Summer Doldrums To Snap Bulls Neck?
By Brady Willett
As the dreary days of summer linger there is an excitement in the air. No, this excitement is
not of snow flurries and fears of heating oil shortages. Rather, the excitement centers upon the equity markets: the much-maligned bull has stopped running, but is the bull merely
resting, or is it dead?
The markets typically trade in unspectacular fashion during the summer weeks leading up
to September. However, this time things appear different: following a deluge of earnings releases the markets have found themselves adrift, and holding on to current levels. No
longer is it assumed that a late 2001 rebound is inevitable, rather that one might be remotely possible. As such, the question that begs to be asked is what if the bottoms do not hold?
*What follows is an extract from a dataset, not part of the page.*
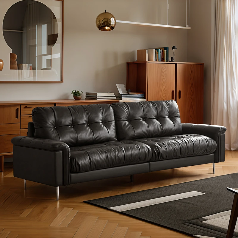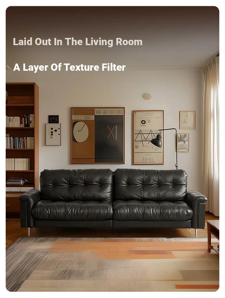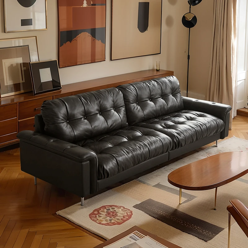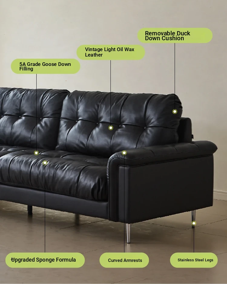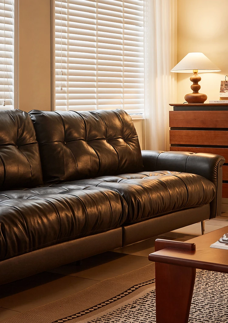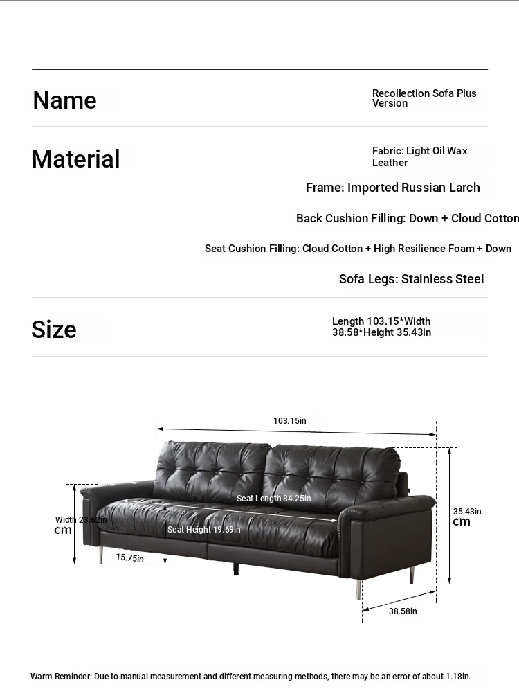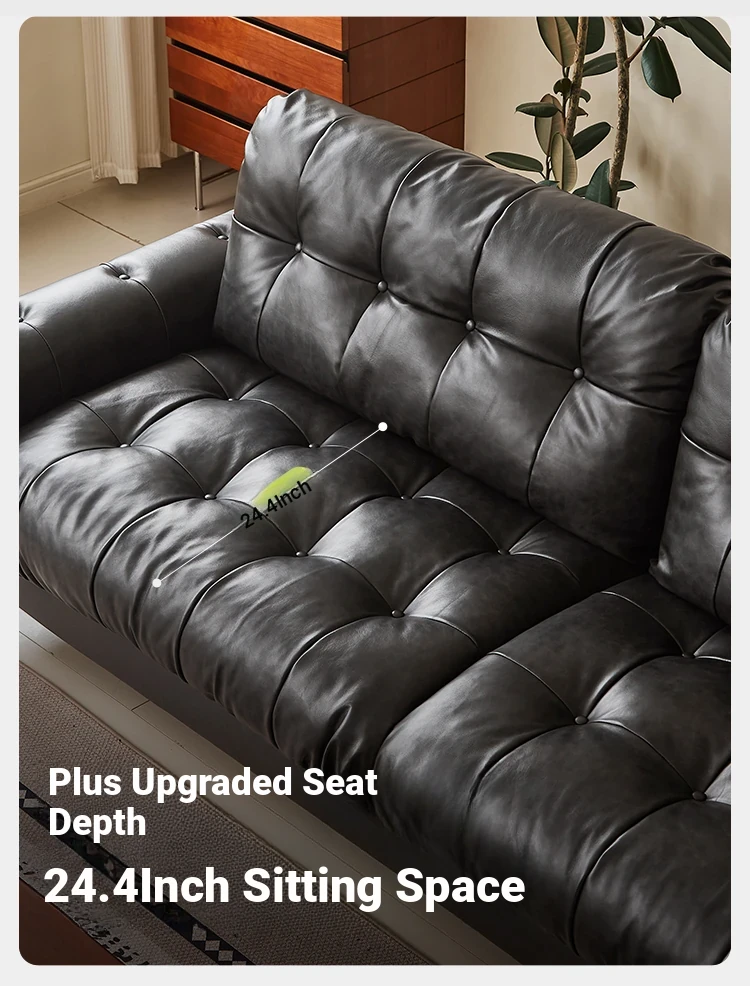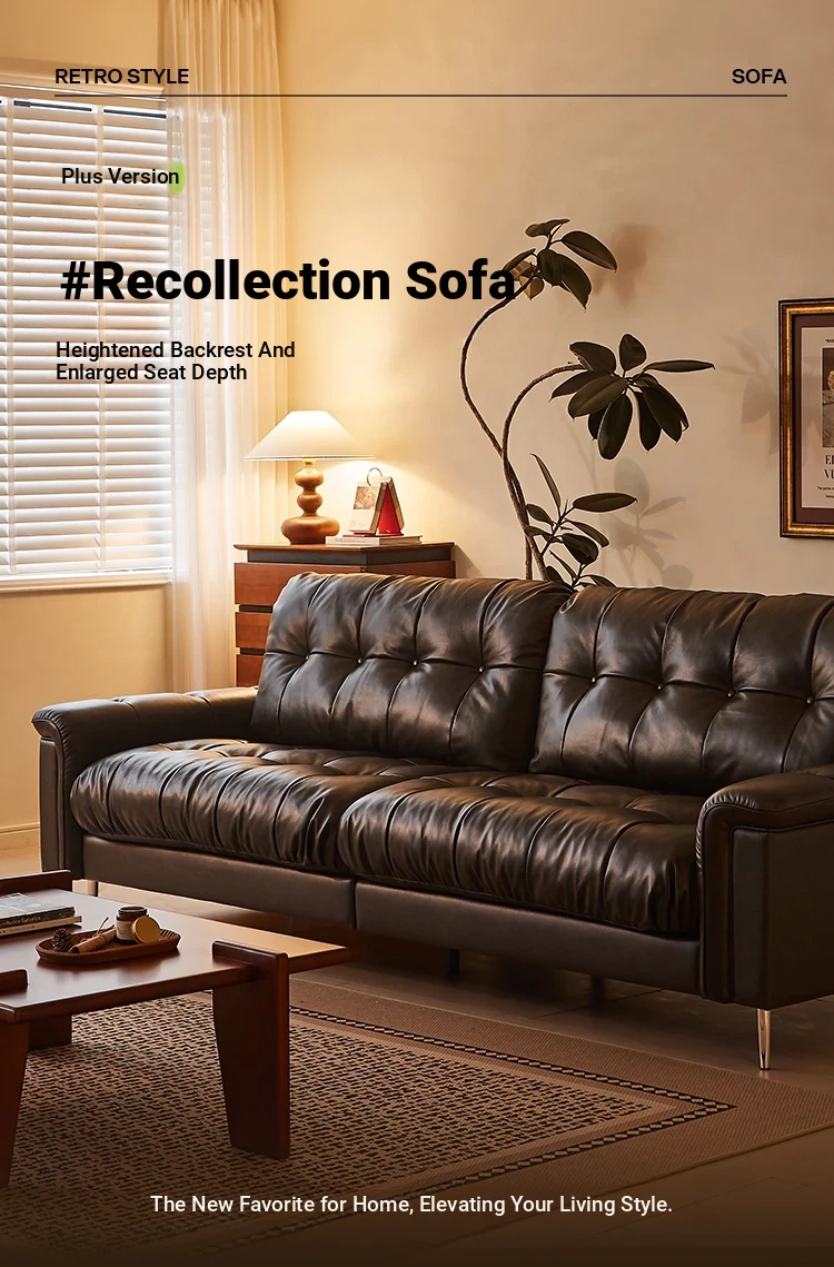 Vintage American Oil Wax Genuine Leather Sofa – Premium Top Grain Cowhide French Antique Style Reminiscence Sofa Plus Edition
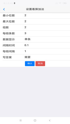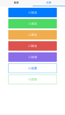 此应用包含了听算练习和看算练习,其中,听算练习和看算练习分别又包含了加法练习、减法练习、乘法练习、除法练习、加减练习。同是可以设置不同的参数,对不同阶段人员进行练习。对于练习后的数据,可以查看历史数据,重新练习等。

"Investors inability to view earnings reports as a half full glass this time, as it had done
with the terrible 4Q01 and 1Q01 earnings reports, may be the biggest indicator that the earnings recovery may be much further out than many had anticipated and that earnings
may be headed for much worse declines than many had anticipated…earnings estimates for 3Q01, 4Q01, and 1Q02 continue in free fall." Chuck Hill, First Call.
"Investors are reacting rationally. The reality is that the recovery is further out than had been expected."
Barry Hyman, chief investment strategist at Ehrenkrantz King Nussbaum. CBS MarketWatch
"We've seen a lot of S&P 500-type companies realizing they really can't predict where business is going to be in three to six months." Robert Arancio, head of Nasdaq trading at Lehman Brothers. Reuters
No matter how optimistic some are concerning an imminent economic/stock market
rebound, few will debate the fact that if stock prices break severely lower any hopes of a rebound may all but vanish. This is, of course, the biggest and baddest bull the American
equity markets have ever known.
The last time I checked a few trillion dollars in Nasdaq capitalization had quickly gone
awash, however, the Dow had not relinquished nearly as much. As such, if the worst correction over the last two decades on the Dow is a paltry 30% (the low of 9106 from a
peak of 11,908) then perhaps the 'new paradigm' of investing will never die. Perhaps stock prices can always avoid severe drops back to 'normal' trading levels because no matter
how poorly the economic situation becomes investors can always look ahead? In contrast these speculations: perhaps investors are just beginning to grow impatient.
One thing may be for certain: with the bottoms within striking distance the 'summer doldrums' are unlikely to be dull this year.